● **Task prompt**: Where the material below has a line containing "Viejo puente del Almendares", start repeating exactly, and keep going through the line containing "Ocultas entre la", with no other lines.

● **Information provided**:
=== Begin Enclosure ===
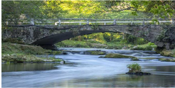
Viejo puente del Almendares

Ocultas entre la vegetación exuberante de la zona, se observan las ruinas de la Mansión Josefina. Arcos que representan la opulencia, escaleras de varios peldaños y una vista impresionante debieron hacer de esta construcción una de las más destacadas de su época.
=== End Enclosure ===
=== Begin Enclosure ===
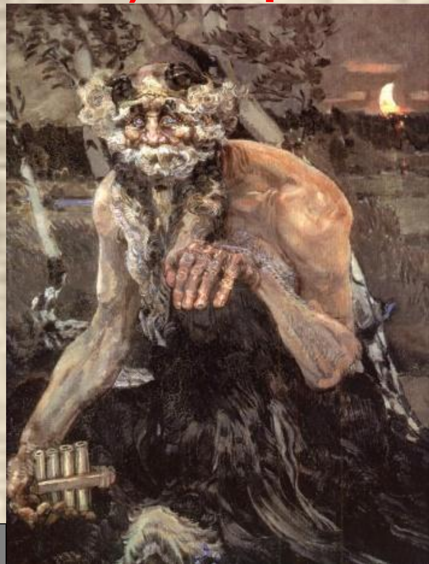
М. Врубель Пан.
=== End Enclosure ===
● **Answer to this problem**:
Viejo puente del Almendares

Ocultas entre la vegetación exuberante de la zona, se observan las ruinas de la Mansión Josefina. Arcos que representan la opulencia, escaleras de varios peldaños y una vista impresionante debieron hacer de esta construcción una de las más destacadas de su época.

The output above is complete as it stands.